— DATASET SECTION —
····················
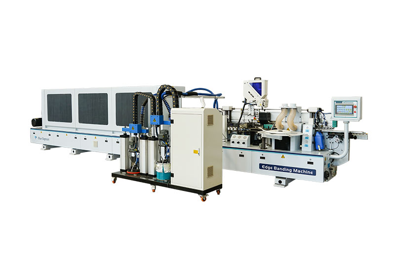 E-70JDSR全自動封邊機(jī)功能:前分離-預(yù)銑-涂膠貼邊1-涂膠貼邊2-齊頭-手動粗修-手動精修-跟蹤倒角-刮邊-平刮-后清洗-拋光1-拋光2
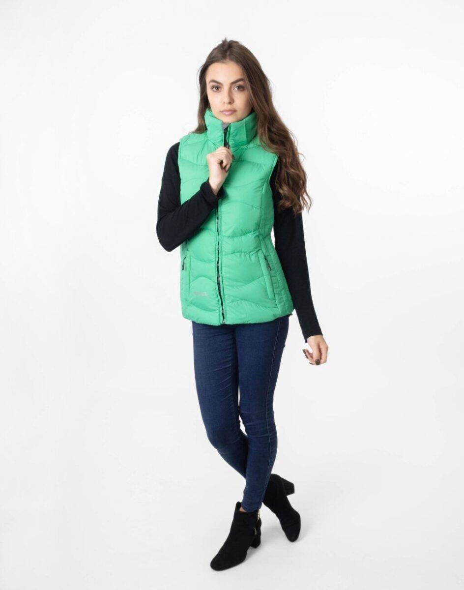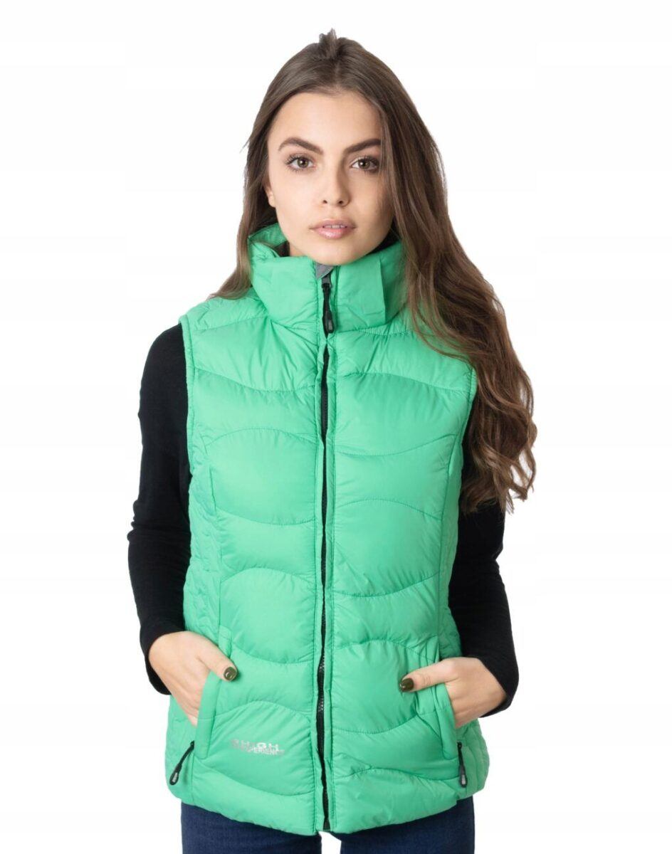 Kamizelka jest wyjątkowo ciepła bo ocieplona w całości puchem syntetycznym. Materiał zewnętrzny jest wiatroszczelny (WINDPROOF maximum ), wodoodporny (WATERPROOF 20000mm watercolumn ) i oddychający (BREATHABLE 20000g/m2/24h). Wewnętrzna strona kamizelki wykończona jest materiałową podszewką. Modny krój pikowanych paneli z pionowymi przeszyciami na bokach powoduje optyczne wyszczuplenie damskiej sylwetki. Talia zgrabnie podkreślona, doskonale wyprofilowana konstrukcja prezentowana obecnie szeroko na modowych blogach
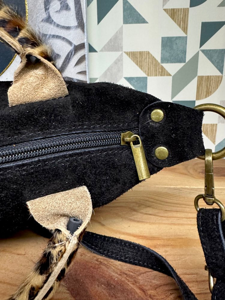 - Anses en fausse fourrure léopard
····················
— TASK REQUIREMENTS —
Omit the pictures. Transcribe word for word the lines from the one containing "Kamizelka jest wyjątkowo" through the end of the listing, inclusive.

— OUTPUT OF THE EXERCISE —
 Kamizelka jest wyjątkowo ciepła bo ocieplona w całości puchem syntetycznym. Materiał zewnętrzny jest wiatroszczelny (WINDPROOF maximum ), wodoodporny (WATERPROOF 20000mm watercolumn ) i oddychający (BREATHABLE 20000g/m2/24h). Wewnętrzna strona kamizelki wykończona jest materiałową podszewką. Modny krój pikowanych paneli z pionowymi przeszyciami na bokach powoduje optyczne wyszczuplenie damskiej sylwetki. Talia zgrabnie podkreślona, doskonale wyprofilowana konstrukcja prezentowana obecnie szeroko na modowych blogach
 - Anses en fausse fourrure léopard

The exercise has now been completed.